Abstract

AbstractRadish concretions exhibit a typical columnar to pear‐shaped, stipe downward geometry. In Middle Jurassic mudrock in south‐west Germany, radish concretions started to form around an iron‐sulphide lined tube by pervasive cementation constituting an ellipsoidal parent domain in uncompacted sediment at burial depths of ≤5 to 8 m as recorded by 75 to 80% minus‐cement porosity. Thereafter, the concretions grew vertically in compacting sediment as evidenced by laminae within the concretions being increasingly inclined towards the tips, and concomitantly decreasing minus‐cement porosity. During early diagenesis, prior to septarian crack formation, bicarbonate generating the microbial cement originated within the sulphate reduction zone chiefly from anaerobic oxidation of methane and to a lesser degree of organoclastic material. Later, at 50 to 70 m burial depth, septarian cracks formed as evaluated by sedimentation–compaction analysis based on minus‐cement porosity data and compressibility of similarly composed sediments.

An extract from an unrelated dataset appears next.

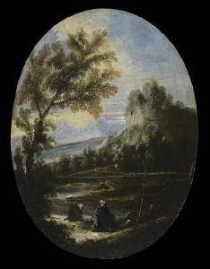 - NOTIZIE STORICO CRITICHE L'opera è stata donata alla Carrara da Graziella Gallinari che l'aveva ricevuta in eredità dal marito Franco Daina de' Valsecchi nel 1977. L'attribuzione del paesaggio al Peruzzini, collaboratore affiatato del Magnasco, è stata avanzata da D. Dotti in "Paesaggi, vedute e capricci", 2007. Neppure le figure, pur nel gusto del Magnasco, sono del maestro ma di un suo anonimo collaboratore. L'opera è in pendant con l'ovale n. 06AC01012.
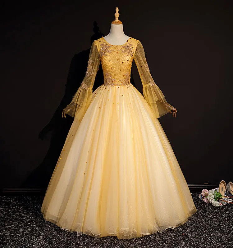 Hot Real Golden Long Flare Sleeve Beading Court Medieval Dress Renaissance Gown Queen Victorian /marie/ Belle Ball/ball Gown

The outward‐narrowing septarian cracks indicate that they formed when the concretions were still in a plastic state but already cemented sufficiently to be resistant against compaction. In this stage, up to one‐quarter of the pore volume of the concretions was still open as suggested by shrinkage experiments. This pore volume, and the septarian cracks, were filled with cement termed late diagenetic. In the study area, the decompacted net‐sedimentation rate was low, about 2 to 3 cm kyr−1, for ca 2.5 Myr, allowing the concretions to reside for a long time within the sulphate reduction zone and to grow. Radish concretions formed within the transition zone from thick, rapidly deposited to long‐term, slowly accumulating sediment.